* [Aim of the exercise]
Would you return, word for word, the lines running from the one with "This print features" to the final line of the listing below, pictures omitted?

* [Given information]
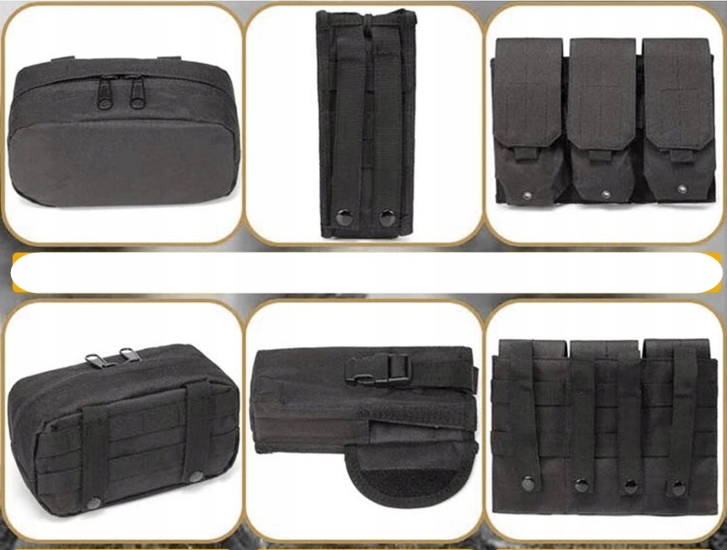 - Універсальність: жилет містить додаткові елементи, такі як підсумки MOLLE, сумісні з різними військовими аксесуарами, мисливським і страйкбольним спорядженням.
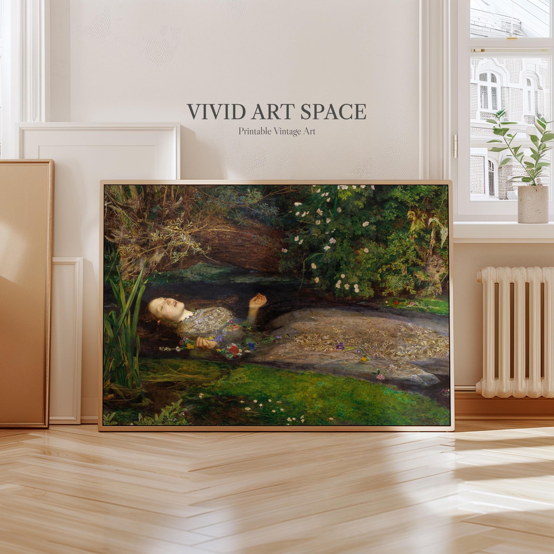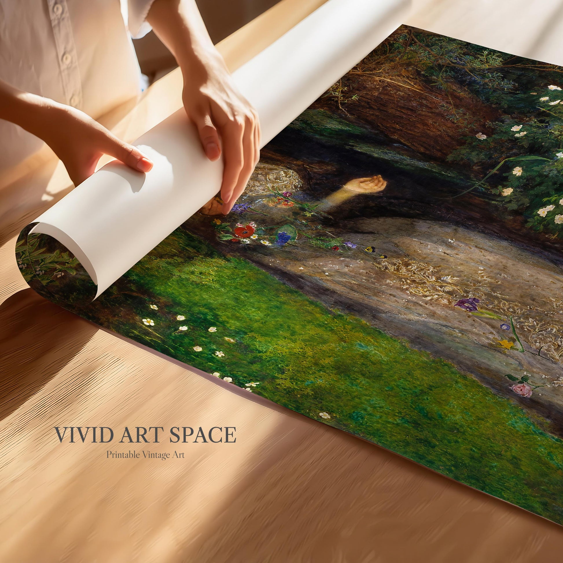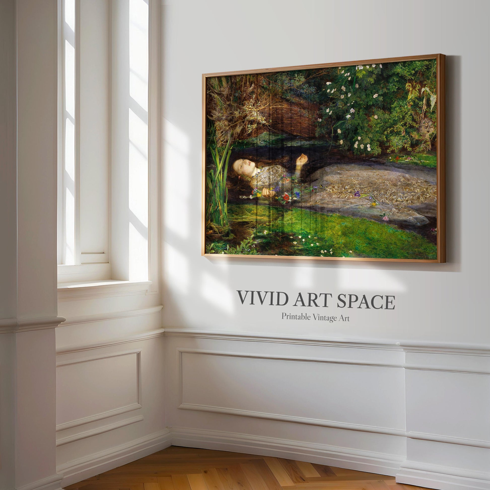 This print features Ophelia, a 1852 oil painting by British Pre-Raphaelite artist John Everett Millais. It is available on archival-grade, acid-free fine art paper or canvas. We offer a variety of size options, and shipping is free within the U.S.
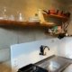 A cozinha possui fogão, geladeira, sanduicheira, liquidificador, panelas, pratos, talheres, copos, xícaras e uma bancada para refeições

* [Result of the task]
 This print features Ophelia, a 1852 oil painting by British Pre-Raphaelite artist John Everett Millais. It is available on archival-grade, acid-free fine art paper or canvas. We offer a variety of size options, and shipping is free within the U.S.
 A cozinha possui fogão, geladeira, sanduicheira, liquidificador, panelas, pratos, talheres, copos, xícaras e uma bancada para refeições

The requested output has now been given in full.